从哈希表中删除值的成本是多少? [英] What is the cost of deleting a value from a hashtable?

查看:77
本文介绍了从哈希表中删除值的成本是多少?的处理方法,对大家解决问题具有一定的参考价值,需要的朋友们下面随着小编来一起学习吧!

问题描述

现在我有一个问题,问我在插入过程中使用线性探测时从哈希表中删除值的代价.

通过阅读互联网上的各种内容,我可以发现,它必须与负载因子有关.虽然我不确定,但是我读到了负载系数和所需的探头数之间的关系,它是探头数= 1/(1-LF).

因此,我认为成本必须取决于探针序列.但是随后又有一个想法毁了一切.

如果在p探针中插入了该元素,现在我试图删除该元素,该怎么办.但是在此之前,我已经删除了几个具有相同哈希码的元素,并且它们是插入小于p的探针中的一部分.

在这种情况下,我到达了一个哈希表中的插槽为空的阶段,但是我不确定要删除的元素是否已被删除或由于探测而位于其他位置. /p>

我还发现,一旦删除了元素,就必须用一些特殊的指示器标记​​该插槽以告知其可用,但这并不能解决我不确定要删除的元素的问题.

在这种情况下,有人可以建议如何找到费用吗? 如果是非线性探测,方法是否会有所不同?

解决方案

标准方法是查找元素,将其标记为已删除".标记显然具有O(1)成本,因此总操作成本与查找相同:O(1) expected .在简并的情况下(例如,所有元素具有相同的哈希值),它可能高达O( n ).理论上我们只能说O(1).

关于负载系数.负载系数越高(占用的桶数与总数之比),期望的系数就越大(但这不会改变理论上的O成本).请注意,在这种情况下,负载系数包括表元素中同时存在的两个数量以及之前标记为已删除的存储桶的数量.

其他探测类型(例如二次)不会改变理论成本,但可能会更改预期的恒定因子或其方差.如果您查看后备"序列,则按线性顺序将不同存储桶的序列重叠.这意味着如果某个存储桶的序列很长,相邻存储桶的序列也将很长.例如:如果存储桶4到10被占用,则存储桶#4的序列为7个存储桶长(4、5、6,...,10),对于#5,存储序列为6,依此类推.对于二次探测,情况并非如此.

但是,由于您检查彼此靠近的存储单元,因此线性探测具有更好的存储高速缓存行为的好处.但是,实际上,对于二次探测,后备序列很少足够长,以至于无济于事.

最后,在线性探测的情况下,可以在没有删除标记的情况下工作,但是为此,您必须使删除过程变得相当复杂(尽管预期仍为O(1),但是更高的常数因子).是否值得,必须通过实际分析来确定;例如,这简化了插入和查找的过程.对于C ++实现,这样做的缺点是,delete()会使迭代器无效.

Now I have this question where I was asked the cost of deleting a value from a hash table when we used linear probing while the insertion process.

What I could figure out from reading various stuff on the internet is that it has to do something with the load factor. Though I am not sure, but I read a relation between the load factor and no of probes required and it is No of probes = 1 / (1-LF).

So I believe the cost has to be dependent on the probe sequence. But then another thought ruins everything.

What if the element was inserted in p probes and now I am trying to delete this element. But before this I had already deleted few elements having the same hash code and were a part of insertion in probes less than p.

In this case I reach to a stage where I see a slot empty in the hash table but I am not sure if the element I am trying to delete is already deleted or is at some other location as a result of probing.

I also found that once I delete an element I must mark this slot with some special indicator to inform that it is available, but this doesn't solve my problem of being uncertain about the element which I am willing to delete.
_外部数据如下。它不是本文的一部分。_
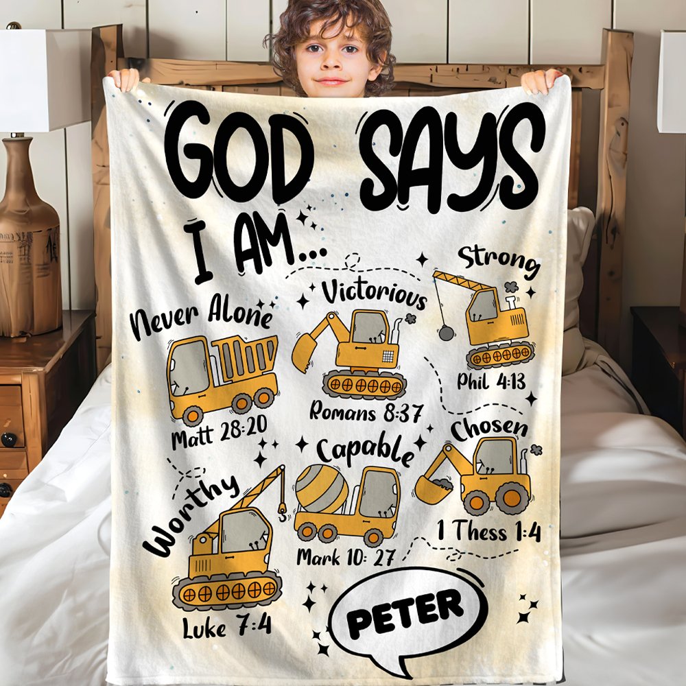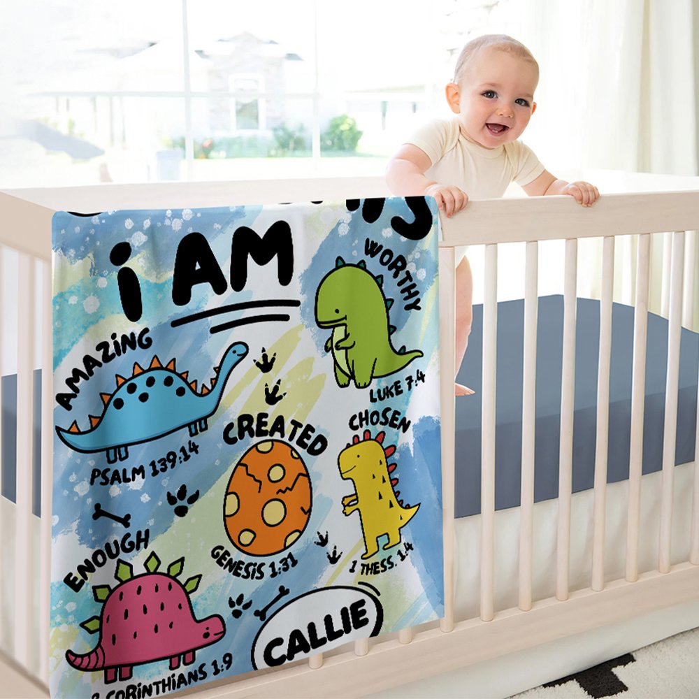 Cette couverture douce est imprimée sur trois thèmes, dont les véhicules techniques, les dinosaures et les animaux, avec des couleurs vives et une grande variété. Elle est associée à "Dieu dit que je suis" et à des citations bibliques motivantes pour inspirer la foi des enfants. Vous pouvez ajouter le nom de votre enfant pour créer une décoration unique.

Could anyone please suggest how to find the cost in such cases? Is the approach going to vary if it is non-linear probing?

解决方案

The standard approach is "lookup the element, mark as deleted". Marking obviously has O(1) cost, so the total operation cost is the same as just lookup: O(1) expected. It can be as high as O(n) in degenerate cases (e.g. all elements have the same hash). O(1) expected is all we can say theoretically.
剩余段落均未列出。